If the scratches don’t compromise the glass, you can fill them. If the glass is damaged, you’ll have to lay some glass in the defect. What was the patch you ground off supposed to fix? Usually big, ugly patches hide big, ugly defects.

Nate


----------



## PG350 (Jan 19, 2012)

I like that boat. What is the beam and width of the floor?


----------



## Adam89 (Nov 12, 2019)

WhiteDog70810 said:


> If the scratches don’t compromise the glass, you can fill them. If the glass is damaged, you’ll have to lay some glass in the defect. What was the patch you ground off supposed to fix? Usually big, ugly patches hide big, ugly defects.
> 
> Nate


If you look in the last pic from the transom looking towards the bow, there are about 20 small holes that were patched with a giant glass piece. They are filled with resin and are sanded smooth at this point. Guessing the patch was for “insurance”???


----------



## Adam89 (Nov 12, 2019)

PG350 said:


> I like that boat. What is the beam and width of the floor?
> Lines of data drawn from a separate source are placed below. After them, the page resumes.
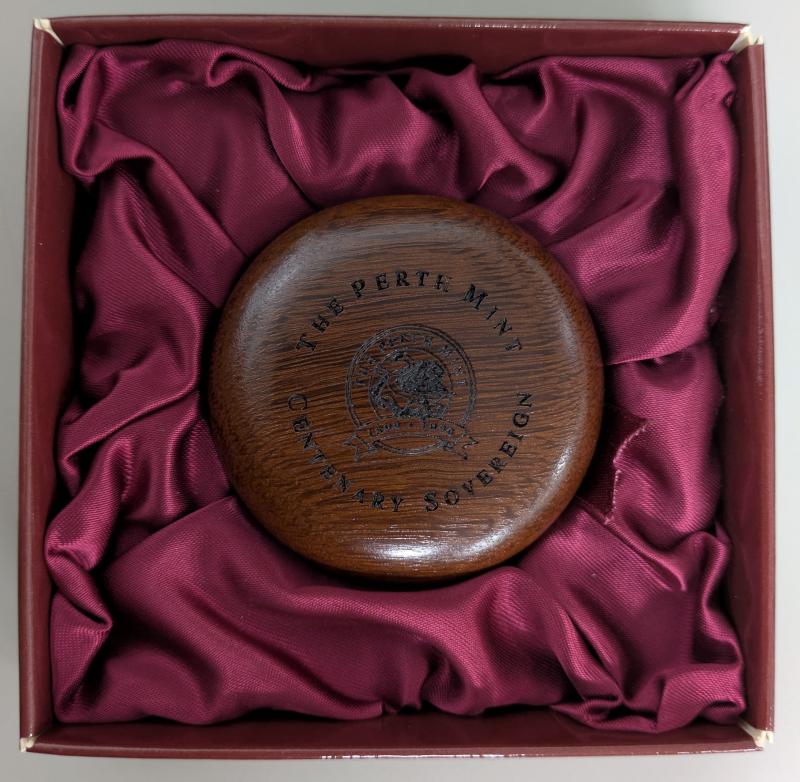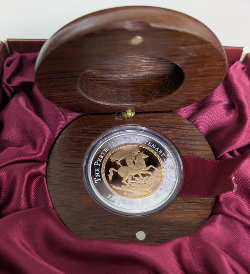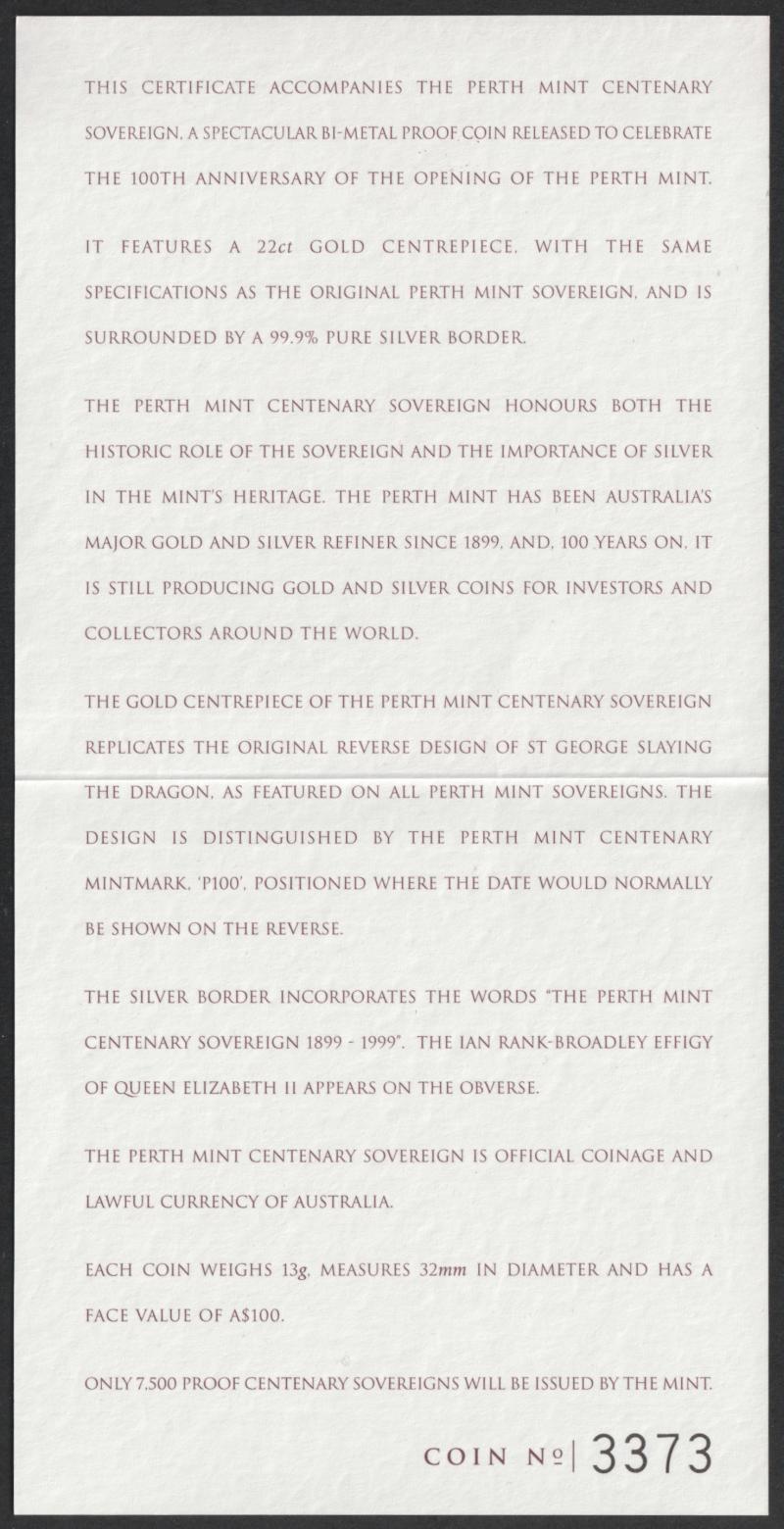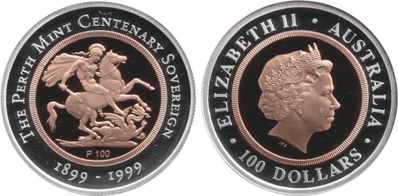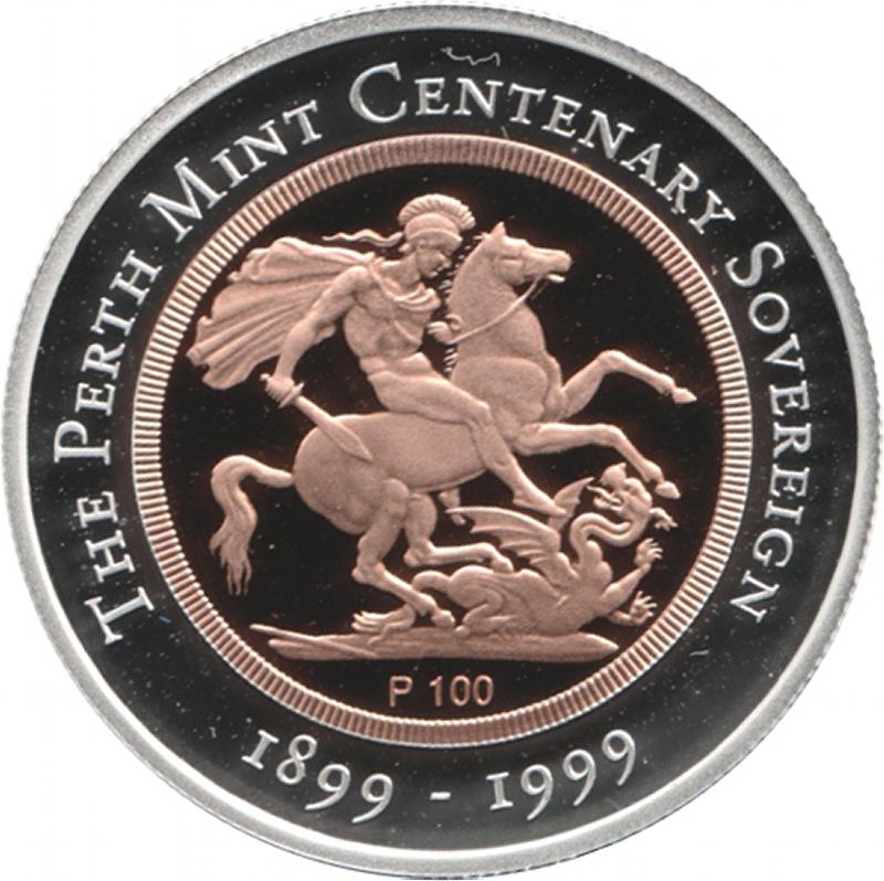 1999 Perth Mint Centenary Sovereign $100 Sovereign Proof (7.99g 0.916) mintmark 'P100' with silver (5g) surround, in wood case with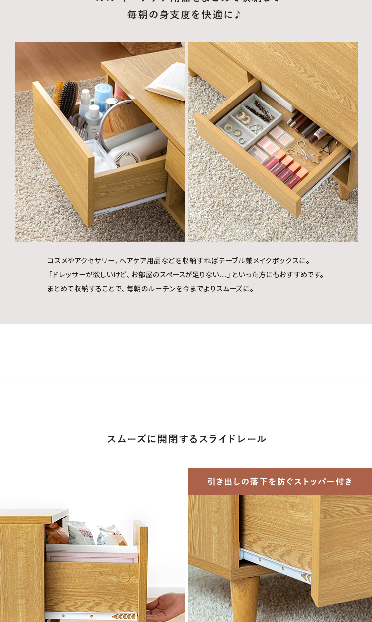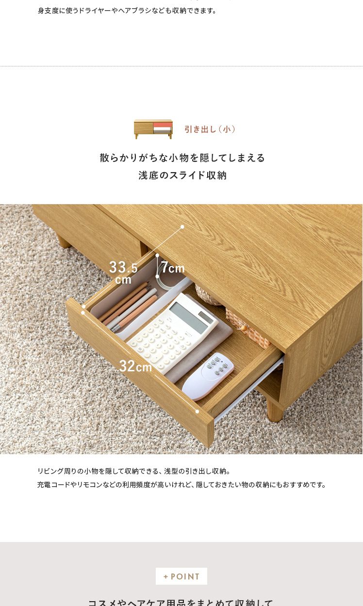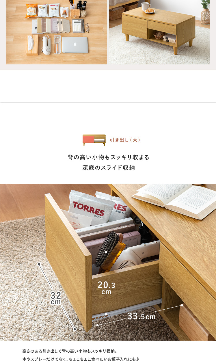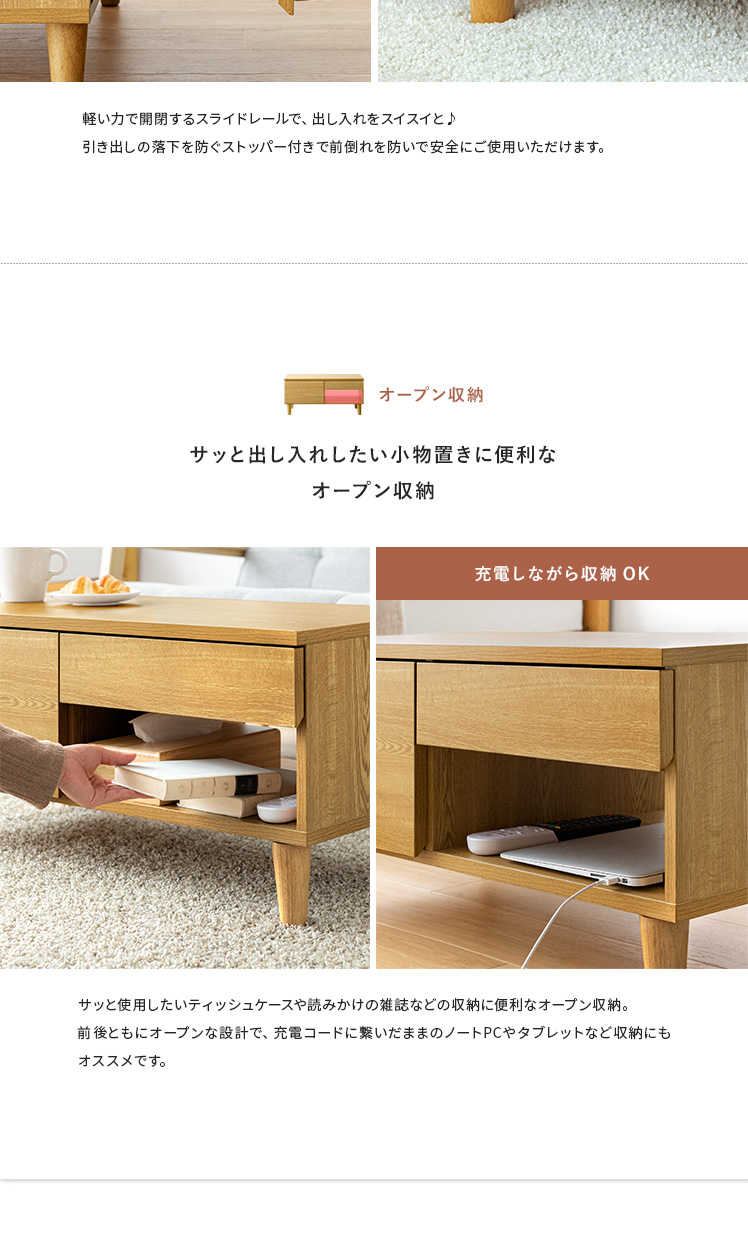 収納付きリビングテーブル Sarah〔サラ〕/テーブル周りをすっきり美しく、快適にする収納付きテーブル。高さの異なる2杯の引き出しとオープン収納で、リビング周りの小物をまとめて収納が可能に。幅約80cmのコンパクト設計で一人暮らしのお家にも圧迫感なく置いていただけます。たっぷり収納しても見栄えが美しい、温かみ溢れる北欧テイストの収納付きテーブルで、スッキリと過ごしやすい空間作りを。
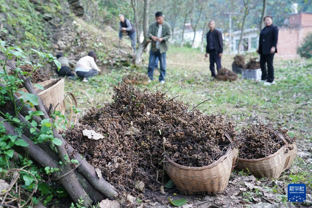 10月28日,果农在旬阳市神河镇王义沟社区拐枣种植基地采收拐枣。

4 1/2 ft at the beam and 3.11ft at the floor if I’m not mistaken.


----------



## BassFlats (Nov 26, 2018)

I like your trailer arrangement. A little difficult to launch?


----------



## Adam89 (Nov 12, 2019)

BassFlats said:


> I like your trailer arrangement. A little difficult to launch?


Haha yeah I didn’t have a boat trailer to get it home. Since then I’ve bought a trailer for it! Lol


----------



## texasag07 (Nov 11, 2014)

Thoughts on all the holes being drilled, due to delamination between the glass and the core so they drilled holes throughout the delam area then back filled with epoxy?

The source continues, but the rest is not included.